* SOURCE DATA
■ ■ ■
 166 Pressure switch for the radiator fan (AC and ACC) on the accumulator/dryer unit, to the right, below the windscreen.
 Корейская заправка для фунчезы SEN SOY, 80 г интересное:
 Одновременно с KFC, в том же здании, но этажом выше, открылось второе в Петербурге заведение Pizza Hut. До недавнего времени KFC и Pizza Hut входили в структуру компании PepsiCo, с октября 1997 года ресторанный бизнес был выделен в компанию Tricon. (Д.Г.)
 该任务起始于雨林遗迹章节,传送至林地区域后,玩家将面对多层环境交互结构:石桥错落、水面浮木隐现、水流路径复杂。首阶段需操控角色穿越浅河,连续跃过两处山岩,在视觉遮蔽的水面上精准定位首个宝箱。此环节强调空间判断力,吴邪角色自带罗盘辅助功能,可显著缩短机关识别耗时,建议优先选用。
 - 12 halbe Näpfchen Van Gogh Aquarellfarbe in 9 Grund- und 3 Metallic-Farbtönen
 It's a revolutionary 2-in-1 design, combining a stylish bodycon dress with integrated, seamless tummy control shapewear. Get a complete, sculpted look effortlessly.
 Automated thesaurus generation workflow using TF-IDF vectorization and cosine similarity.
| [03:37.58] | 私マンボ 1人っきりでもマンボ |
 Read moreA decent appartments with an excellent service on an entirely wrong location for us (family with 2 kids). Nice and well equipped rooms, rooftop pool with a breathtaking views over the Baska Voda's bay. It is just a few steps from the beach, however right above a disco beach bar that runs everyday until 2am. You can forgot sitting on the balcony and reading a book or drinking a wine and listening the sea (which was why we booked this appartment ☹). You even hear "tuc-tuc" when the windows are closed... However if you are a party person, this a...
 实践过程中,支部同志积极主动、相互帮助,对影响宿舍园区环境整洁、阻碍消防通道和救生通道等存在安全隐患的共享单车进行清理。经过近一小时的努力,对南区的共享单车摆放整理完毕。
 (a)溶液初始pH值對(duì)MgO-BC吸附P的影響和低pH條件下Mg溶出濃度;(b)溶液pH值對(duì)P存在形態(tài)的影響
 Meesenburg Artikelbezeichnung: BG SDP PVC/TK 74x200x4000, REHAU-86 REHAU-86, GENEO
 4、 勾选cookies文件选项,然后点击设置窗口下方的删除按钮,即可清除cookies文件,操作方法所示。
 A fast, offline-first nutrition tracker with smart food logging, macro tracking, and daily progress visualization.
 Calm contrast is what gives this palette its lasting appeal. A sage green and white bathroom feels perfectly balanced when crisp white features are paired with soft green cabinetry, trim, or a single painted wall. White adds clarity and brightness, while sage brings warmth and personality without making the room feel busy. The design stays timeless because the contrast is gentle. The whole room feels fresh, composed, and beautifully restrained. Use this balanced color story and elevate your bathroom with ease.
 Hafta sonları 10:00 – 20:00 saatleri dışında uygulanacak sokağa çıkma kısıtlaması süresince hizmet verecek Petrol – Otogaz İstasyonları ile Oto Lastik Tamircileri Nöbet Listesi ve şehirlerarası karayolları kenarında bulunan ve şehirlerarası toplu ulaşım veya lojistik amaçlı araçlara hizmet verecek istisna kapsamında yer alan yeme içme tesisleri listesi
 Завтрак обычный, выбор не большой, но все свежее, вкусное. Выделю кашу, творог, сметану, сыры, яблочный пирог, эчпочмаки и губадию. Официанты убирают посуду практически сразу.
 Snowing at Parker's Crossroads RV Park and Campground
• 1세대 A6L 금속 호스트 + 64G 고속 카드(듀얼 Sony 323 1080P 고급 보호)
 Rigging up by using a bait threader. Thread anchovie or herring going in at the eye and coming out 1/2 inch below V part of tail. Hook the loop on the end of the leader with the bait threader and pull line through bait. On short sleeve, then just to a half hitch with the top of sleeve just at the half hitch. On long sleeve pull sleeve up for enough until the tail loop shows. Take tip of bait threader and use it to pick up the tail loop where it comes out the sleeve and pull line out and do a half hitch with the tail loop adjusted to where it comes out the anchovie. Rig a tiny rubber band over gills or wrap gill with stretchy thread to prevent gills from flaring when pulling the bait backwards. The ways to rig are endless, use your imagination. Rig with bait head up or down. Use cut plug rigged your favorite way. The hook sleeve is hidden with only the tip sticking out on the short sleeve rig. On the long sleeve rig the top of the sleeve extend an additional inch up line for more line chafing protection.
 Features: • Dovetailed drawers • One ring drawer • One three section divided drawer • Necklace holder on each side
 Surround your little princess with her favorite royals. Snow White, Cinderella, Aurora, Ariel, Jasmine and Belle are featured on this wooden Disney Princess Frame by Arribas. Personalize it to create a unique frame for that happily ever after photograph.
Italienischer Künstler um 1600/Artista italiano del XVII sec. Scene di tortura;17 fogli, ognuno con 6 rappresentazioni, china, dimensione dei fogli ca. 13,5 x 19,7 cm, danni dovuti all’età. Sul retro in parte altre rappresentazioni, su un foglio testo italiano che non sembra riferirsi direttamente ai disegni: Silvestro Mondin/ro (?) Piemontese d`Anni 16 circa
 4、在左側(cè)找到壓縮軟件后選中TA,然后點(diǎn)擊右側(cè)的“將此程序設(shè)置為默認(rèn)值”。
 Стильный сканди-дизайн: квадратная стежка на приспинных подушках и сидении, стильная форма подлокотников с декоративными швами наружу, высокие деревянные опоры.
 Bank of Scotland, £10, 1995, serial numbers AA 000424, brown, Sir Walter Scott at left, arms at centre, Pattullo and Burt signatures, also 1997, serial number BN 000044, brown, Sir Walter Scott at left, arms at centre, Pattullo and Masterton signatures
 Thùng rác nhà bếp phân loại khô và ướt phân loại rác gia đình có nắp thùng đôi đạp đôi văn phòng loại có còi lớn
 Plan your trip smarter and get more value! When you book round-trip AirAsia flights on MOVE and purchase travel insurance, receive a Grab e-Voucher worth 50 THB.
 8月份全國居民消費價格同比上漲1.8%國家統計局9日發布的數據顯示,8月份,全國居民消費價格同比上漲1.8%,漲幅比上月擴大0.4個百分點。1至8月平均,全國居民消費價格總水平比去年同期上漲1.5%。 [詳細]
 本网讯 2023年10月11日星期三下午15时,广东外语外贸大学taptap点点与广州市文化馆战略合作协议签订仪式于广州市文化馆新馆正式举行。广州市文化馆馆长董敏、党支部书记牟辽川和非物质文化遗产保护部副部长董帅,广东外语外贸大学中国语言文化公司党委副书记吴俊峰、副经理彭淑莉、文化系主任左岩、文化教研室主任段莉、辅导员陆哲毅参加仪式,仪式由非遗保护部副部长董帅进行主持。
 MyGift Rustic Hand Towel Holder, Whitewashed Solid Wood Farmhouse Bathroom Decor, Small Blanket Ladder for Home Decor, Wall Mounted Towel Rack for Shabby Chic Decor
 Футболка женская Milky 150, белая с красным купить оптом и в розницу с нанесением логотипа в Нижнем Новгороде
■ ■ ■
* TASK ITEM
Repeat the entire listing exactly.

* EXPECTED ANSWER
 166 Pressure switch for the radiator fan (AC and ACC) on the accumulator/dryer unit, to the right, below the windscreen.
 Корейская заправка для фунчезы SEN SOY, 80 г интересное:
 Одновременно с KFC, в том же здании, но этажом выше, открылось второе в Петербурге заведение Pizza Hut. До недавнего времени KFC и Pizza Hut входили в структуру компании PepsiCo, с октября 1997 года ресторанный бизнес был выделен в компанию Tricon. (Д.Г.)
 该任务起始于雨林遗迹章节,传送至林地区域后,玩家将面对多层环境交互结构:石桥错落、水面浮木隐现、水流路径复杂。首阶段需操控角色穿越浅河,连续跃过两处山岩,在视觉遮蔽的水面上精准定位首个宝箱。此环节强调空间判断力,吴邪角色自带罗盘辅助功能,可显著缩短机关识别耗时,建议优先选用。
 - 12 halbe Näpfchen Van Gogh Aquarellfarbe in 9 Grund- und 3 Metallic-Farbtönen
 It's a revolutionary 2-in-1 design, combining a stylish bodycon dress with integrated, seamless tummy control shapewear. Get a complete, sculpted look effortlessly.
 Automated thesaurus generation workflow using TF-IDF vectorization and cosine similarity.
| [03:37.58] | 私マンボ 1人っきりでもマンボ |
 Read moreA decent appartments with an excellent service on an entirely wrong location for us (family with 2 kids). Nice and well equipped rooms, rooftop pool with a breathtaking views over the Baska Voda's bay. It is just a few steps from the beach, however right above a disco beach bar that runs everyday until 2am. You can forgot sitting on the balcony and reading a book or drinking a wine and listening the sea (which was why we booked this appartment ☹). You even hear "tuc-tuc" when the windows are closed... However if you are a party person, this a...
 实践过程中,支部同志积极主动、相互帮助,对影响宿舍园区环境整洁、阻碍消防通道和救生通道等存在安全隐患的共享单车进行清理。经过近一小时的努力,对南区的共享单车摆放整理完毕。
 (a)溶液初始pH值對(duì)MgO-BC吸附P的影響和低pH條件下Mg溶出濃度;(b)溶液pH值對(duì)P存在形態(tài)的影響
 Meesenburg Artikelbezeichnung: BG SDP PVC/TK 74x200x4000, REHAU-86 REHAU-86, GENEO
 4、 勾选cookies文件选项,然后点击设置窗口下方的删除按钮,即可清除cookies文件,操作方法所示。
 A fast, offline-first nutrition tracker with smart food logging, macro tracking, and daily progress visualization.
 Calm contrast is what gives this palette its lasting appeal. A sage green and white bathroom feels perfectly balanced when crisp white features are paired with soft green cabinetry, trim, or a single painted wall. White adds clarity and brightness, while sage brings warmth and personality without making the room feel busy. The design stays timeless because the contrast is gentle. The whole room feels fresh, composed, and beautifully restrained. Use this balanced color story and elevate your bathroom with ease.
 Hafta sonları 10:00 – 20:00 saatleri dışında uygulanacak sokağa çıkma kısıtlaması süresince hizmet verecek Petrol – Otogaz İstasyonları ile Oto Lastik Tamircileri Nöbet Listesi ve şehirlerarası karayolları kenarında bulunan ve şehirlerarası toplu ulaşım veya lojistik amaçlı araçlara hizmet verecek istisna kapsamında yer alan yeme içme tesisleri listesi
 Завтрак обычный, выбор не большой, но все свежее, вкусное. Выделю кашу, творог, сметану, сыры, яблочный пирог, эчпочмаки и губадию. Официанты убирают посуду практически сразу.
 Snowing at Parker's Crossroads RV Park and Campground
• 1세대 A6L 금속 호스트 + 64G 고속 카드(듀얼 Sony 323 1080P 고급 보호)
 Rigging up by using a bait threader. Thread anchovie or herring going in at the eye and coming out 1/2 inch below V part of tail. Hook the loop on the end of the leader with the bait threader and pull line through bait. On short sleeve, then just to a half hitch with the top of sleeve just at the half hitch. On long sleeve pull sleeve up for enough until the tail loop shows. Take tip of bait threader and use it to pick up the tail loop where it comes out the sleeve and pull line out and do a half hitch with the tail loop adjusted to where it comes out the anchovie. Rig a tiny rubber band over gills or wrap gill with stretchy thread to prevent gills from flaring when pulling the bait backwards. The ways to rig are endless, use your imagination. Rig with bait head up or down. Use cut plug rigged your favorite way. The hook sleeve is hidden with only the tip sticking out on the short sleeve rig. On the long sleeve rig the top of the sleeve extend an additional inch up line for more line chafing protection.
 Features: • Dovetailed drawers • One ring drawer • One three section divided drawer • Necklace holder on each side
 Surround your little princess with her favorite royals. Snow White, Cinderella, Aurora, Ariel, Jasmine and Belle are featured on this wooden Disney Princess Frame by Arribas. Personalize it to create a unique frame for that happily ever after photograph.
Italienischer Künstler um 1600/Artista italiano del XVII sec. Scene di tortura;17 fogli, ognuno con 6 rappresentazioni, china, dimensione dei fogli ca. 13,5 x 19,7 cm, danni dovuti all’età. Sul retro in parte altre rappresentazioni, su un foglio testo italiano che non sembra riferirsi direttamente ai disegni: Silvestro Mondin/ro (?) Piemontese d`Anni 16 circa
 4、在左側(cè)找到壓縮軟件后選中TA,然后點(diǎn)擊右側(cè)的“將此程序設(shè)置為默認(rèn)值”。
 Стильный сканди-дизайн: квадратная стежка на приспинных подушках и сидении, стильная форма подлокотников с декоративными швами наружу, высокие деревянные опоры.
 Bank of Scotland, £10, 1995, serial numbers AA 000424, brown, Sir Walter Scott at left, arms at centre, Pattullo and Burt signatures, also 1997, serial number BN 000044, brown, Sir Walter Scott at left, arms at centre, Pattullo and Masterton signatures
 Thùng rác nhà bếp phân loại khô và ướt phân loại rác gia đình có nắp thùng đôi đạp đôi văn phòng loại có còi lớn
 Plan your trip smarter and get more value! When you book round-trip AirAsia flights on MOVE and purchase travel insurance, receive a Grab e-Voucher worth 50 THB.
 8月份全國居民消費價格同比上漲1.8%國家統計局9日發布的數據顯示,8月份,全國居民消費價格同比上漲1.8%,漲幅比上月擴大0.4個百分點。1至8月平均,全國居民消費價格總水平比去年同期上漲1.5%。 [詳細]
 本网讯 2023年10月11日星期三下午15时,广东外语外贸大学taptap点点与广州市文化馆战略合作协议签订仪式于广州市文化馆新馆正式举行。广州市文化馆馆长董敏、党支部书记牟辽川和非物质文化遗产保护部副部长董帅,广东外语外贸大学中国语言文化公司党委副书记吴俊峰、副经理彭淑莉、文化系主任左岩、文化教研室主任段莉、辅导员陆哲毅参加仪式,仪式由非遗保护部副部长董帅进行主持。
 MyGift Rustic Hand Towel Holder, Whitewashed Solid Wood Farmhouse Bathroom Decor, Small Blanket Ladder for Home Decor, Wall Mounted Towel Rack for Shabby Chic Decor
 Футболка женская Milky 150, белая с красным купить оптом и в розницу с нанесением логотипа в Нижнем Новгороде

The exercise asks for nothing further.